3. Setores com Maior Risco de Contingências
A transição para o novo sistema expõe alguns segmentos a riscos específicos:
- Agroindústria: A redução de 60% para produtos in natura (ex: carnes, leite, grãos) exige comprovação de que os itens não passaram por industrialização. Empresas que não documentarem corretamente os processos poderão perder o benefício.
- Farmácias e Distribuidores: Medicamentos não listados como alíquota zero terão redução de 60%, mas a classificação dependerá de regulamentação da ANVISA. A falta de atualização cadastral pode gerar recolhimentos indevidos.
- E-commerce Internacional: Compras de até US$ 50 por pessoa física serão tributadas em 20% (IBS/CBS). Marketplaces terão que reter e recolher o imposto, sob pena de responsabilização solidária.
4. Cronograma de Adaptação: O Que Fazer Agora
Com a sanção presidencial iminente, as empresas devem iniciar imediatamente:
- 2024:
- Mapear cadeias de fornecimento para identificar créditos tributários (ex: insumos agropecuários, medicamentos).
- Atualizar sistemas de faturamento para segregar produtos sujeitos ao Imposto Seletivo.
- 2025:
- Testar integração com o sistema de arrecadação unificado (previsão de início em 2026).
- Treinar equipes para compliance do cashback (ex: validação de CPFs no CadÚnico).
- 2026:
- Início da cobrança da CBS (União). Revisar contratos com clientes e fornecedores para repassar custos.
- Auditar créditos de IBS (estados/municípios) para evitar glosas.

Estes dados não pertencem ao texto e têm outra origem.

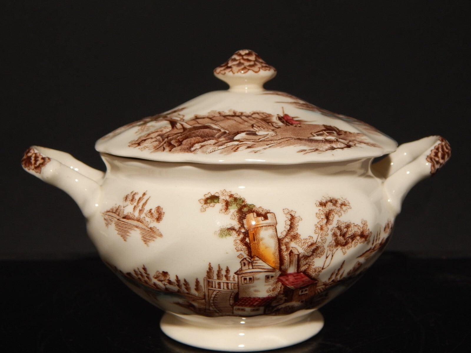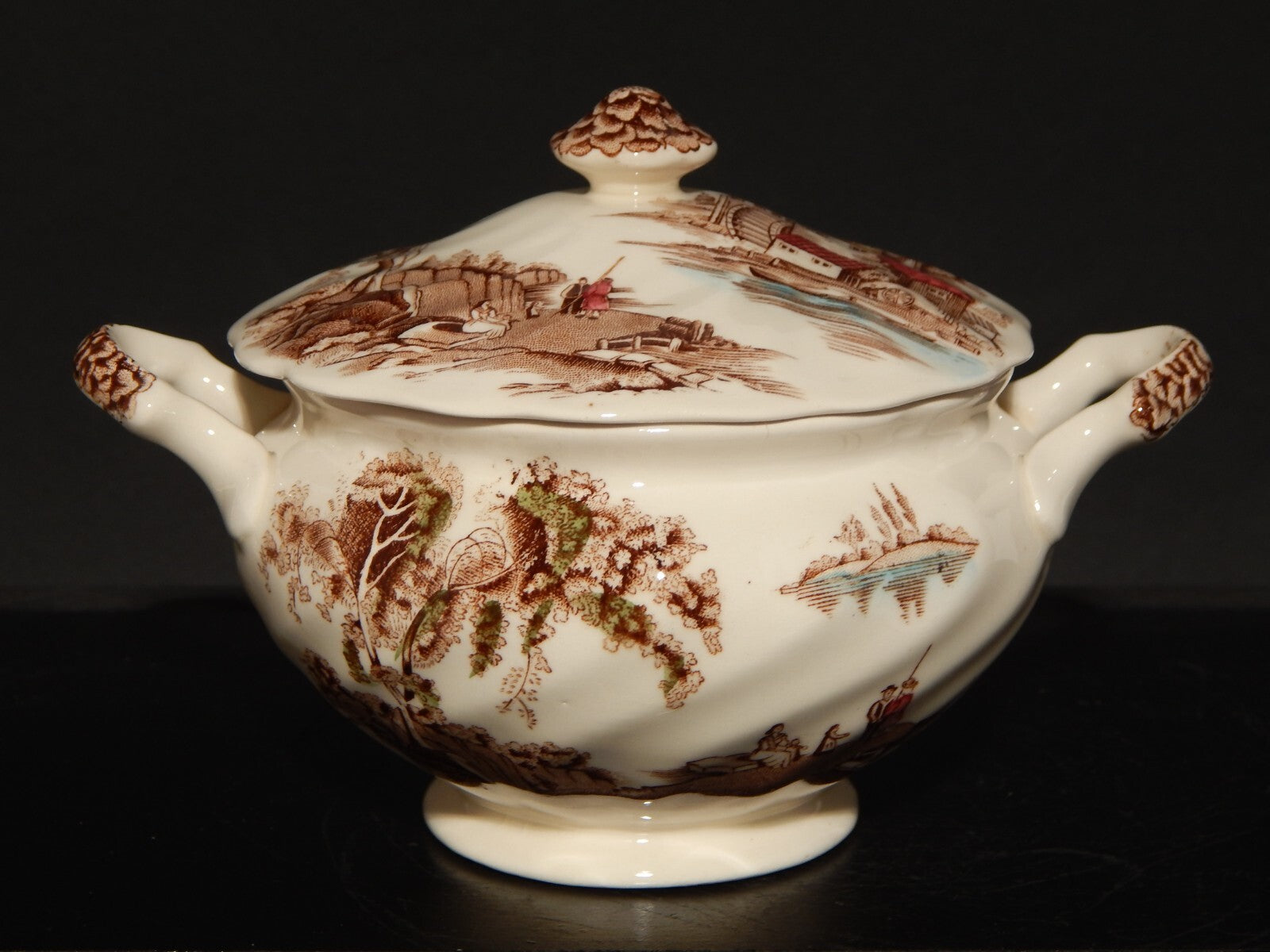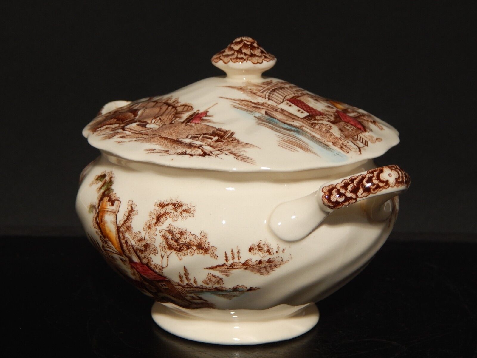 In questa inserzione viene presentata una zuccheriera in semi porcellana inglese della manifattura Johnson Bros nel decoro inciso a mano The Old Mill

5. Alíquotas de Referência: O Que Esperar
O texto aprovado mantém a alíquota geral de referência em 26,5% (CBS + IBS), mas com variações por setor:
- Cesta Básica: Alíquota zero (ex: arroz, feijão, carnes, leite).

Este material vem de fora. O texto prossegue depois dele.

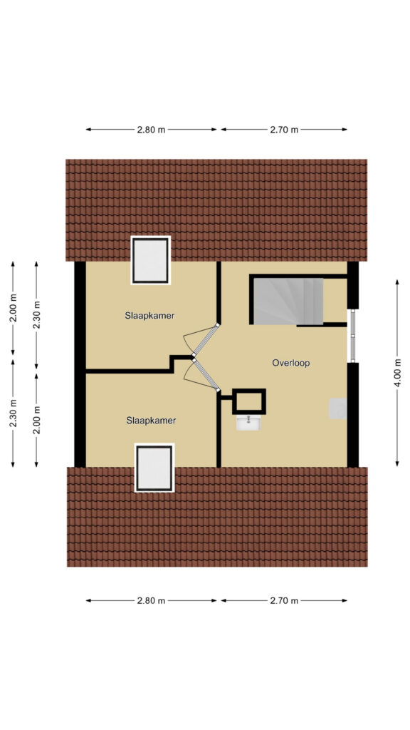 Eénmaal op de 2e verdieping zul je verrast worden door de ruimte die deze woonlaag te bieden heeft. Dit komt door het grote zijgevelraam én de hoge nok die meer dan 3 meter hoog is. Normaliter betreft het een open ruimte, maar bij deze woning is het ingedeeld met een 4e en een 5e slaapkamer. Beide kamers zijn gelijkwaardig en bovendien voorzien van een groot dakvenster. Onder de schuine zijden zijn knieschotten aangebracht waar je de nodige spullen kunt opbergen.

- Medicamentos: Redução de 60% (exceto alíquota zero).
- Planos de Saúde Animal: Redução de 30%.
- Minerais: Alíquota máxima de 0,25% (contra 1% da EC 132).
- SAFs (Clubes de Futebol): Alíquota fixa de 8,5%.

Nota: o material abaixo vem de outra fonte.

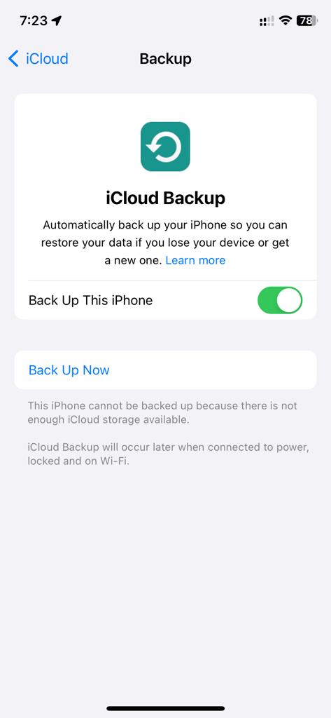I'm using iPhone 11 Pro with iOS 17. Already I've subscribed 50GB space from iCloud & it's having around 45GB space. but when I run "Back up now" in phone, it's getting failed due to the insufficient space in iCloud. what can be the reason for this issue?

6. Riscos de Não Conformidade
A complexidade do novo sistema aumenta o risco de erros operacionais. As principais contingências incluem:
- Perda de Créditos: A não-cumulatividade plena exige comprovação de créditos em todas as etapas da cadeia. Empresas que não documentarem corretamente poderão ter créditos glosados.
- Multas por Cashback: A não devolução de tributos a beneficiários do CadÚnico pode gerar multas de até 20% do valor devido.
- Responsabilidade Solidária: Marketplaces e intermediários financeiros poderão ser responsabilizados por tributos não recolhidos em operações de terceiros.
7. Próximos Passos: O Que Monitorar
- Aguardar a sanção presidencial e publicação da Lei Complementar.
- Acompanhar regulamentação do Comitê Gestor do IBS (previsão de instalação em 2025).
- Ficar atento a decretos específicos para setores (ex: medicamentos, agroindústria).
Fontes: Agência Câmara de Notícias, PLP 68/24, Emenda Constitucional 132/2023.